EXERCISE:
Below are the records; tally the lines that include "plan" and report only the total.

(Extracted data entries)
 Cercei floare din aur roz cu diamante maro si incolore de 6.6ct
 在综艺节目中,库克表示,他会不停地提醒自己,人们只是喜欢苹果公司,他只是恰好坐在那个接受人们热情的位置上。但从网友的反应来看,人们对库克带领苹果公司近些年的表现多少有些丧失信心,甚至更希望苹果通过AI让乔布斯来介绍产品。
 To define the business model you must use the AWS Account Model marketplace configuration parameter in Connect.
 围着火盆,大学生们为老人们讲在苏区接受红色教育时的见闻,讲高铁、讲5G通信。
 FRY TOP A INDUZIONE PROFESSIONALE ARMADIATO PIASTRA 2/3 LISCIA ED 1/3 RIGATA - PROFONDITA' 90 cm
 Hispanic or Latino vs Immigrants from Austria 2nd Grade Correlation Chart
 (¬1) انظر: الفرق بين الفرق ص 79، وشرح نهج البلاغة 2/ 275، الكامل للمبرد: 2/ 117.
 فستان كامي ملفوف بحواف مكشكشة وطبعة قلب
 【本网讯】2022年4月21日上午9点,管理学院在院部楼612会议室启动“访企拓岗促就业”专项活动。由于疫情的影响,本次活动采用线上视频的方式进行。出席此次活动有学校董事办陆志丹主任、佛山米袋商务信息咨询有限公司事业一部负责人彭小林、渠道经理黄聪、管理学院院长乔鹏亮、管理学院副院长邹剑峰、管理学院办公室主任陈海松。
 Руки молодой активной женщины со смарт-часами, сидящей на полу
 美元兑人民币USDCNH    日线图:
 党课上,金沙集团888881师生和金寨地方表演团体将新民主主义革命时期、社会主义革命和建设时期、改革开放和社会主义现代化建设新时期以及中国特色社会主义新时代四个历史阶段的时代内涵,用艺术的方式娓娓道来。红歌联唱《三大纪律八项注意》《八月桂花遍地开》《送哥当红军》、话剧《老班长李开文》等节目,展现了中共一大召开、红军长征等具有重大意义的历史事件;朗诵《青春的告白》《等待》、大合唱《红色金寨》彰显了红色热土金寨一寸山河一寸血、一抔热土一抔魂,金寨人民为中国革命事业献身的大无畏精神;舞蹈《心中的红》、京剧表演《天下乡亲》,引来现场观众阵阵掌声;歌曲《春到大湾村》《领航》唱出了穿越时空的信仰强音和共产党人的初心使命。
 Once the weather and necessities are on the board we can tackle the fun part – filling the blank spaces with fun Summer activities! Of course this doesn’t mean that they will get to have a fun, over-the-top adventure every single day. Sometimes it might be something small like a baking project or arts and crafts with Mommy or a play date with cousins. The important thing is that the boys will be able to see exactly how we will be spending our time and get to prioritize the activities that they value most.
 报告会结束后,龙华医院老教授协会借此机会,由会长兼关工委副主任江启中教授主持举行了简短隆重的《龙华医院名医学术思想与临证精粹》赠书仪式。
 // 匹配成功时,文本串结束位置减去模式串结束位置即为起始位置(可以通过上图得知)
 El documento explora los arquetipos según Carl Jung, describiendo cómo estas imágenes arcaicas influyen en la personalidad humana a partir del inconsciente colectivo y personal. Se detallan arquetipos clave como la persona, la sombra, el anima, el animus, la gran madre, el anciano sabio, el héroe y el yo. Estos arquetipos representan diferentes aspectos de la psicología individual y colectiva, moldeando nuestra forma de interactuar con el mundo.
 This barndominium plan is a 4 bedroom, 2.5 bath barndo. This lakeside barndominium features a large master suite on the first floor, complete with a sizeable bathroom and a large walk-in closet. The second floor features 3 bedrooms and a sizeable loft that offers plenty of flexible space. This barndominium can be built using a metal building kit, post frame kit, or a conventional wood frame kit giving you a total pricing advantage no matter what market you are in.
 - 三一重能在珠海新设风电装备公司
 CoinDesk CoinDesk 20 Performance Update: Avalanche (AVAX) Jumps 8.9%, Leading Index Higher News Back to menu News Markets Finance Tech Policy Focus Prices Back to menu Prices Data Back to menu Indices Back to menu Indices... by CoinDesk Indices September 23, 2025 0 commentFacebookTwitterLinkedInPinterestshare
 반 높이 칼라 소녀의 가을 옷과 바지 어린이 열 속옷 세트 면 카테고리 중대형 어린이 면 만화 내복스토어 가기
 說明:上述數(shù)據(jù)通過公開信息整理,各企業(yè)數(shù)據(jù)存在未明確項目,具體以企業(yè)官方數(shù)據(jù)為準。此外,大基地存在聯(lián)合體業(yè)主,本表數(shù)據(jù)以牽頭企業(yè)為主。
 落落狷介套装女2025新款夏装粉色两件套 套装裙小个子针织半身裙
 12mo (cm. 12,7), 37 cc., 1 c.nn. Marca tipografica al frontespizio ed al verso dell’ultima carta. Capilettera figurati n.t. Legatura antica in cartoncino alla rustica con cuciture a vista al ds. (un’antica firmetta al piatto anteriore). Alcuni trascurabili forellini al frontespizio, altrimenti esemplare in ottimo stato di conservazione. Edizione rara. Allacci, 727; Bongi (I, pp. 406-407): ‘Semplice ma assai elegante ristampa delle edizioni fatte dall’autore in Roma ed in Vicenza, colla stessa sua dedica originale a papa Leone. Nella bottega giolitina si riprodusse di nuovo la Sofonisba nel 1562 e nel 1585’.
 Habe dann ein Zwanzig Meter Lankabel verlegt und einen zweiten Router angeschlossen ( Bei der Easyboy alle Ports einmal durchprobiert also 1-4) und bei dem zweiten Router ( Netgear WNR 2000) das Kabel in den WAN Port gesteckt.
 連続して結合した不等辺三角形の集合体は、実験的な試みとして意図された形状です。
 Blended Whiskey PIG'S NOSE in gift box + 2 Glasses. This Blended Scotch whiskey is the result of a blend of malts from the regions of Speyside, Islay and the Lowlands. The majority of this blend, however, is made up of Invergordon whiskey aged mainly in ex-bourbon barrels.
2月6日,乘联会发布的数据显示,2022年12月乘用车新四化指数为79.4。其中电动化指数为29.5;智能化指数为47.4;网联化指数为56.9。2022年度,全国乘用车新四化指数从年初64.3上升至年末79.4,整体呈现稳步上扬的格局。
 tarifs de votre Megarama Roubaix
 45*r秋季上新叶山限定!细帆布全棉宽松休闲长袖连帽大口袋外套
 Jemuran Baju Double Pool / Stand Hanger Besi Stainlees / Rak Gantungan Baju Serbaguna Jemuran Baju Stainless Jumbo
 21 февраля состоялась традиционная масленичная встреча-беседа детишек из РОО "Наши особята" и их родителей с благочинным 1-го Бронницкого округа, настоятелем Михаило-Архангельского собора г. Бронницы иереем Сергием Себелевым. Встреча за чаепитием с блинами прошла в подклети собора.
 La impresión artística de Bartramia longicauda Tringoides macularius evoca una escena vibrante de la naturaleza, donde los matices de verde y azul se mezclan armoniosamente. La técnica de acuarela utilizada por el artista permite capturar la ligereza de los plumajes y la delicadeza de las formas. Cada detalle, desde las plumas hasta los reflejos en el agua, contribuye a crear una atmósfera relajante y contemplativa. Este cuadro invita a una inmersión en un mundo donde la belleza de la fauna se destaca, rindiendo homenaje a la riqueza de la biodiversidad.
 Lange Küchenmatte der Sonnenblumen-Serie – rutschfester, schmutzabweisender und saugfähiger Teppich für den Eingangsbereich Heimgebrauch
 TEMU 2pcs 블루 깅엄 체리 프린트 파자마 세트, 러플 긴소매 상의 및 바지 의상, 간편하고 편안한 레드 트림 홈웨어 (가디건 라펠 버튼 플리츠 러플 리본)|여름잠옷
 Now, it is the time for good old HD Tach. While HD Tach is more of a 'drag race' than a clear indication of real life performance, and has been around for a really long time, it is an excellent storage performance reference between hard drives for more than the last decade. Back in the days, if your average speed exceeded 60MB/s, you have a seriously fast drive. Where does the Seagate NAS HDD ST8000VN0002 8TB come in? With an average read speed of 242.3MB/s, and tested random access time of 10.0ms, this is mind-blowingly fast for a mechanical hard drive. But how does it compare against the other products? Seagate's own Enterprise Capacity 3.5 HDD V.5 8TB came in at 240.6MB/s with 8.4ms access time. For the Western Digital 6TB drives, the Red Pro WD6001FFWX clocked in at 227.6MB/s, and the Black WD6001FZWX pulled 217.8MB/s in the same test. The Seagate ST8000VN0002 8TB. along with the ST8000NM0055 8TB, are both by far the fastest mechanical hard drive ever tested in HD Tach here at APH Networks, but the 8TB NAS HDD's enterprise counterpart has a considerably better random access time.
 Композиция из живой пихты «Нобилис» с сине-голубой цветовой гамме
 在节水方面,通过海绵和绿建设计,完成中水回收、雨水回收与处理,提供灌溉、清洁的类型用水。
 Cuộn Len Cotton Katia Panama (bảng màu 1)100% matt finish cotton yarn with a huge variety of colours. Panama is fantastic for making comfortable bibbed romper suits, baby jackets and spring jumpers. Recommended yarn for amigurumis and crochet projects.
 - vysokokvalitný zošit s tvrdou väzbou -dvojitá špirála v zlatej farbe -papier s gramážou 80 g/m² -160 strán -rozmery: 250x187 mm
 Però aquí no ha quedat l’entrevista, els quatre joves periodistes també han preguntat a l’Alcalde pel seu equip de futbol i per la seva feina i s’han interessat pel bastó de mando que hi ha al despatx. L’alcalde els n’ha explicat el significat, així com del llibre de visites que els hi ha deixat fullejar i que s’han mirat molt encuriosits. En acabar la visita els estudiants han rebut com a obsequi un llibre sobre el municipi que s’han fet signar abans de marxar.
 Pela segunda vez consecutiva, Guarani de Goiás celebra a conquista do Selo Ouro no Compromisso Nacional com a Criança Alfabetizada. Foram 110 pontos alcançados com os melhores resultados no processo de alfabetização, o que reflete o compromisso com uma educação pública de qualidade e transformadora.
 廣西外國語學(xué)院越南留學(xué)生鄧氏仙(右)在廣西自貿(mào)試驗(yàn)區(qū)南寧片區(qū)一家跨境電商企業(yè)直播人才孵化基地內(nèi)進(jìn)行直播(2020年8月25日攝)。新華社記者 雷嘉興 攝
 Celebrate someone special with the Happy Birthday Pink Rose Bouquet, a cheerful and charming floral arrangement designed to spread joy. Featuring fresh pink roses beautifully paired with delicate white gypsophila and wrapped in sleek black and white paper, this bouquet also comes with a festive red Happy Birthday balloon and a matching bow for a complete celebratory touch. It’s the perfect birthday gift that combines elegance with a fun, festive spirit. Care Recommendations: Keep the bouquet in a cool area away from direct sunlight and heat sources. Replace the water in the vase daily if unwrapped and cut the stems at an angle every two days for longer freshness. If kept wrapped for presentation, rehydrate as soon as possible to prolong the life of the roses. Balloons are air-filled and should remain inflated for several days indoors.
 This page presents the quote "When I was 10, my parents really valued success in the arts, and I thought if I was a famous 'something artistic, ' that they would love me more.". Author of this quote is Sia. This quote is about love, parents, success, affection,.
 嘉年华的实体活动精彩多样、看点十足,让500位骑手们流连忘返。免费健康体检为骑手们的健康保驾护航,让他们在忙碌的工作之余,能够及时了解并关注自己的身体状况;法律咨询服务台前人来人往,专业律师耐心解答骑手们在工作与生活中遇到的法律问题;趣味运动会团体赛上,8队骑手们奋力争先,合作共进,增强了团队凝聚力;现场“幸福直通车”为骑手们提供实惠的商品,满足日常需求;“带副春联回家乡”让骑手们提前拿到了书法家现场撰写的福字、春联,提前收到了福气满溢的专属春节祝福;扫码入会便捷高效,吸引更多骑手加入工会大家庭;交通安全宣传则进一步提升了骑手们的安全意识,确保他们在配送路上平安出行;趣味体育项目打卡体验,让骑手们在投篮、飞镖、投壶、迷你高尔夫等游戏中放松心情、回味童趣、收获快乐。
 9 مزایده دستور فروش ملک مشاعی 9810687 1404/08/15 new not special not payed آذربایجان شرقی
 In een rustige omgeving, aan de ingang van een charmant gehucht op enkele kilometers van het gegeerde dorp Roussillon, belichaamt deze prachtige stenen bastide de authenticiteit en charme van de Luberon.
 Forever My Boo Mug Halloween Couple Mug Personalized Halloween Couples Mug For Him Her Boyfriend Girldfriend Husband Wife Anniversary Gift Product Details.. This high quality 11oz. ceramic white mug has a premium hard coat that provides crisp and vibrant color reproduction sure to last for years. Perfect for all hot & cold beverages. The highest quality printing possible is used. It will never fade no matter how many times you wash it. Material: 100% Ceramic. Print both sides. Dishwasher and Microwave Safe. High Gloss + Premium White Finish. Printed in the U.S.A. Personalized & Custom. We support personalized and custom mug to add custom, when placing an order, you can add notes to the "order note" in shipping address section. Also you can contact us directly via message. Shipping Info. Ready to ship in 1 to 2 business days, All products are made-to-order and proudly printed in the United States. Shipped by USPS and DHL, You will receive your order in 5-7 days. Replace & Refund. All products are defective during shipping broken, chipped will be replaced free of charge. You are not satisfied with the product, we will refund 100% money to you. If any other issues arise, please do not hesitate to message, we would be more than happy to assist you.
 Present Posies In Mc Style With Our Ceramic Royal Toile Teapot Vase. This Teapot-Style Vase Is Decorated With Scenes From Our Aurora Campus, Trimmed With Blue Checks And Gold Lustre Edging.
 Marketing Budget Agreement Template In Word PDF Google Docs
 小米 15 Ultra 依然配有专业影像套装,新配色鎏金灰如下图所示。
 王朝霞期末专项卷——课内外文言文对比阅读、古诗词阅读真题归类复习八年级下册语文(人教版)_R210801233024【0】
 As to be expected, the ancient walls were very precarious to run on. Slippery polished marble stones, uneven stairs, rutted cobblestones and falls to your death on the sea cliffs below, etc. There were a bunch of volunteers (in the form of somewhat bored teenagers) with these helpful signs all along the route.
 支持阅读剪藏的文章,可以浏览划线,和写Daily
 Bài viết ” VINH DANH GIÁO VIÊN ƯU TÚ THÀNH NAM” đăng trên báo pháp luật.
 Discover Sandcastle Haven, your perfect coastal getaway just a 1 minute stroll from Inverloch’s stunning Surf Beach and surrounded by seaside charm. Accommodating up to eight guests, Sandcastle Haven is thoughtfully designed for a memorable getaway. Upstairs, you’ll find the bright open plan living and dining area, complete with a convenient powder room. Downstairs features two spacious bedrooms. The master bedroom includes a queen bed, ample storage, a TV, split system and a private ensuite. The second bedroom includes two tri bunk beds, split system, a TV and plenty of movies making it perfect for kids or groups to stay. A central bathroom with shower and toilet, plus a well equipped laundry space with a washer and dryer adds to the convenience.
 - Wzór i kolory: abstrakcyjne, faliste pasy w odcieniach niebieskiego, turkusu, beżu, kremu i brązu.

TASK RESULT:
2